Rozdział 13

5 1 0
                                    


- Tom zatrzymaj się- powiedziała nagle Chloe naciskając dłonią na drzwi samochodu.

- Nie, zabieram Cię do szpitala – powiedział mężczyzna nie odrywając wzroku od drogi przed nim.

- Tom cholera, zatrzymaj się albo zaraz zarzygam ci pół samochodu – krzyknęła dziewczyna.

Tom spojrzał na żonę, jej twarz była biała jak ściana. Nacisnął mocno hamulec i auto w momencie się zatrzymało.

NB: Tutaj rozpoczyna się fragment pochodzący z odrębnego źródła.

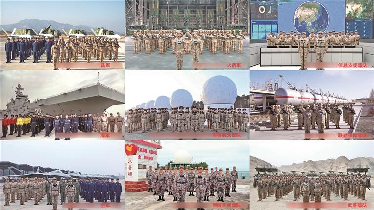 下午4时许,习近平来到八一大楼,同来自各军兵种和武警部队的9个单位视频通话。陆军某旅2营、海军安徽舰、空军航空兵某旅、火箭军某旅、军事航天部队某部、网络空间部队某部、信息支援部队某中心、联勤保障部队某仓库、武警部队某支队,依次向习主席报告战备值班和执行任务情况。习近平认真听取汇报,同他们亲切交流。看到官兵精神饱满、士气高昂,在各自岗位上扎实练兵备战,习近平给予充分肯定,勉励大家狠抓实战化练兵,用好手中武器装备,提高部队战斗力建设和运用水平。
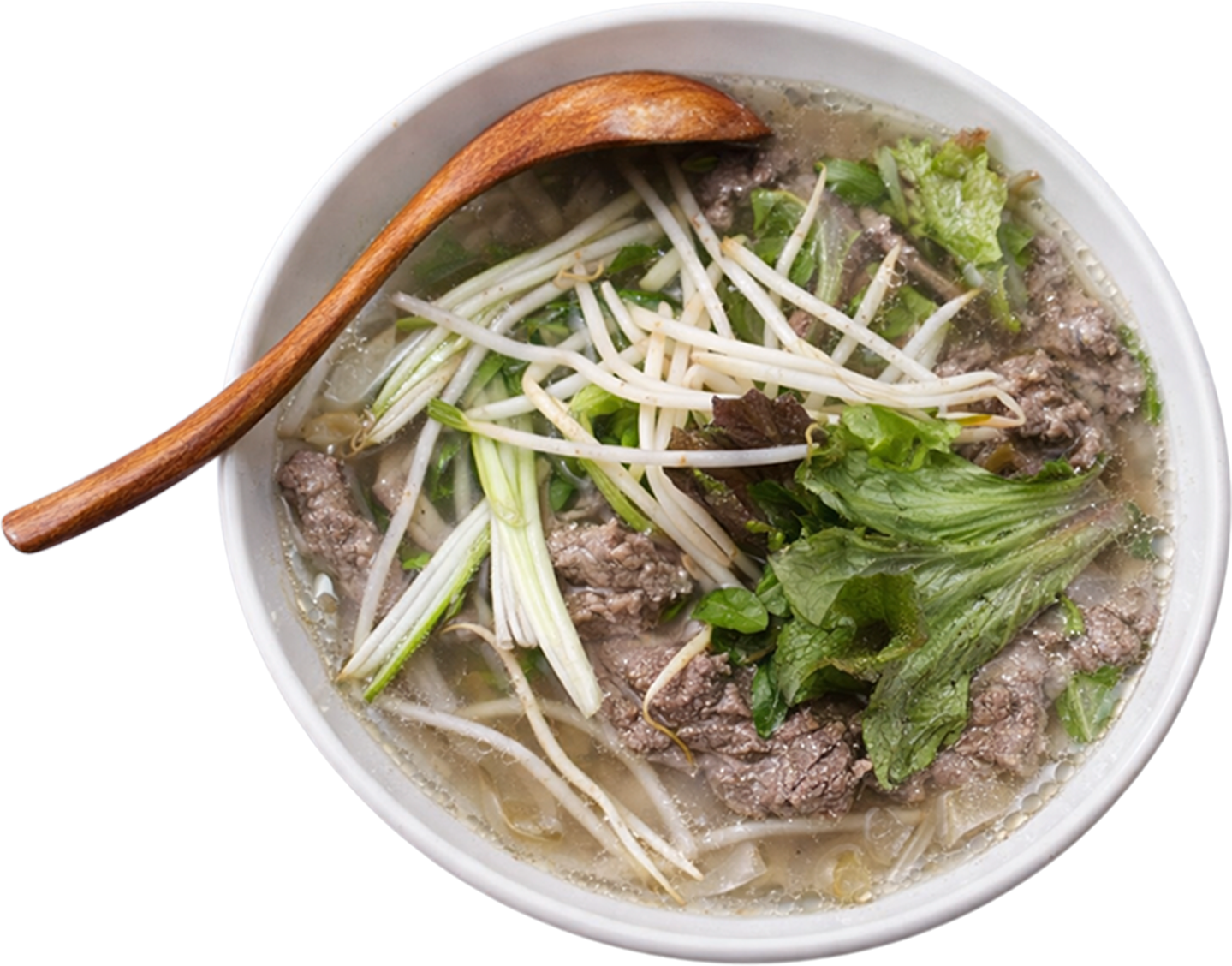 Traditional beef pho with thinly sliced slow cooked beef in an aromatic broth.
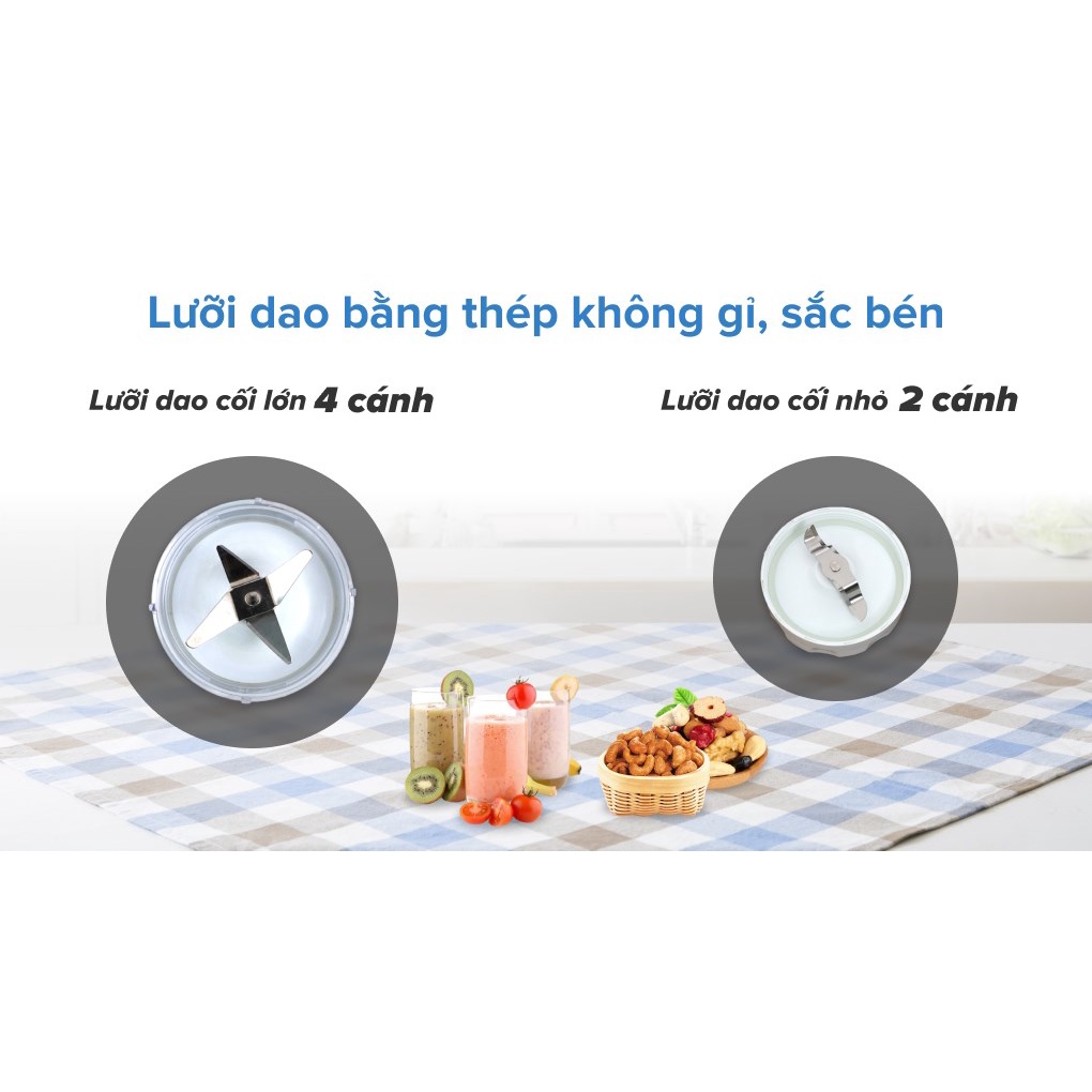 Cối xay lớn dung tích sử dụng 1.25 lít (dung tích tổng 1.5 lít) đáp ứng nhu cầu xay sinh tố tối đa của gia đình. Cối xay nhỏ dung tích sử dụng 200 ml thích hợp dùng xay hạt, tiêu, hành, tỏi…
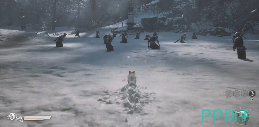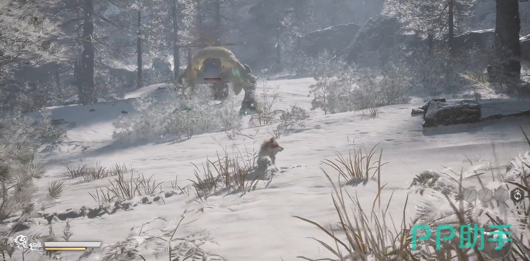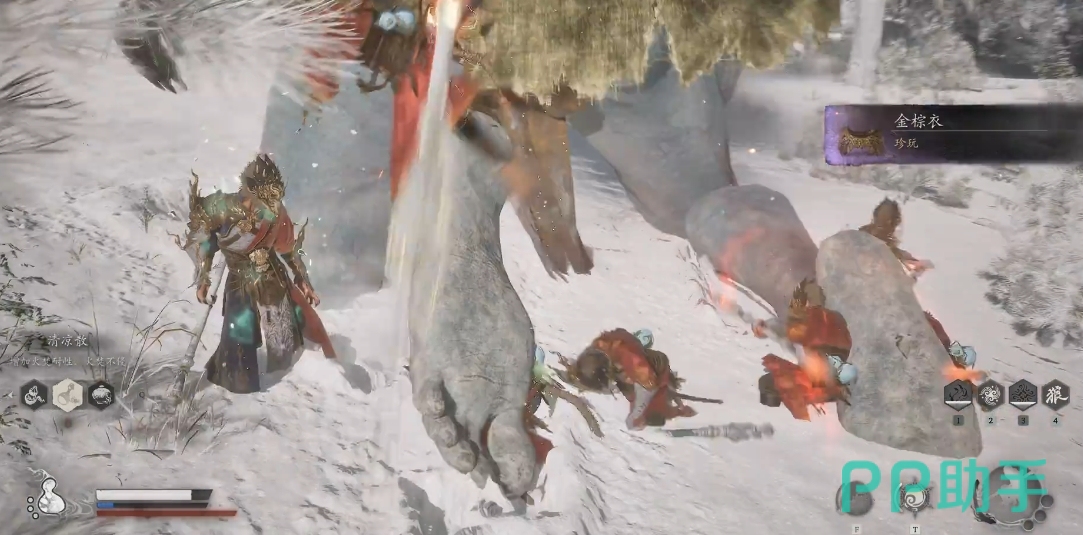 走过雪地到达前面的那片树林以后建议贴着右边的雪山走,之后绕过雪山下的一棵大树,继续往林子里面深入就可以看到一个穿着黄袍的高大僧人,击败它即可掉落金棕衣,在与它战斗的过程中建议召唤毛猴来进行牵制,这样效率更高。
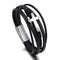 A Pulseira de Cruz da Fé é feita de aço titânio, couro e um fecho magnético.
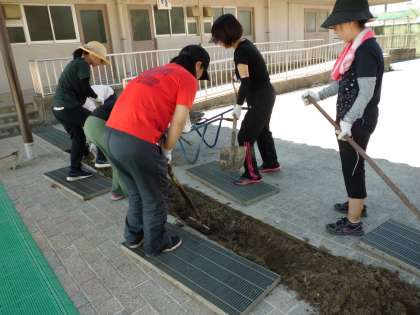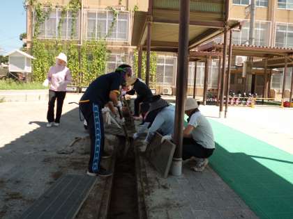 教職員で環境整備を行いました。グランドのラインテープの張り替えと溝掃除です。夏休みが終わると,運動会の練習も始まります。 活動しやすい環境でのびのび練習することが出来るでしょう。
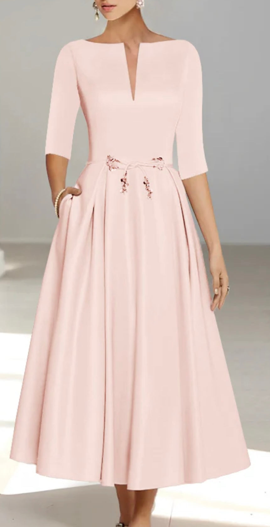 Simple yet sophisticated, this blush midi dress features a flattering notched neckline, three-quarter sleeves, and a softly pleated skirt for graceful movement. Subtle floral embellishments at the waist add a touch of detail while maintaining a timelessly elegant look. Perfect for weddings, formal daytime occasions, or Mother of the Bride style.
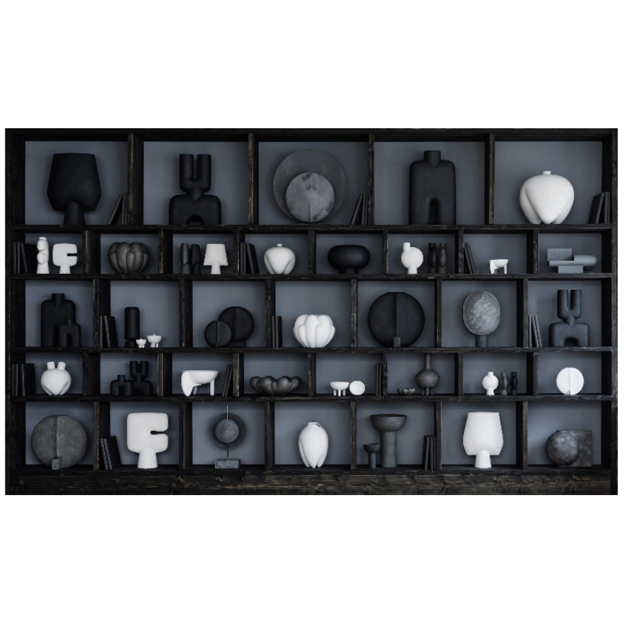 Elegantly sculpted, each Bloom ceramic is characterized by several flower leaves fading into each other, reminiscing the different stages of a flower from closed to open. Bloom is an interpretation of 70s floral inspired design. But with a more raw and clean expression. The smoothly curved surface is contrasted by a strong underlying geometry and is enriched by a beautiful play of shadows around the depths of the surface. Due to its expressive design, the Bloom vases changes experience throughout the day, according to the position of light and shadows.

Chloe ledwo zdążyła wyskoczyć z samochodu, gdy nagle poczuła jak jej żołądek się ściska i zaczęła wymiotować. Mężczyzna wysiadł szybko z samochodu i podbiegł do żony łapiąc ją w pasie. Odgarnął jej włosy z twarzy.

Kiedy Chloe wreszcie skończyła poczuła jak miękną jej wszystkie mięśnie i czuła, że zaraz zemdleje.

- Tom .. – zdążyła wyszeptać po czym wszystko stało się czarne.

Obudziła się kilka godzin później. Kiedy otworzyła oczy, od razu musiała je zamknąć, zobaczyła białe oślepiające światła. Otworzyła je jeszcze raz i rozejrzała się po pokoju. Zorientowała się, że leży w szpitalnym łóżku, a na jej brzuchu dostrzegła głowę śpiącego męża.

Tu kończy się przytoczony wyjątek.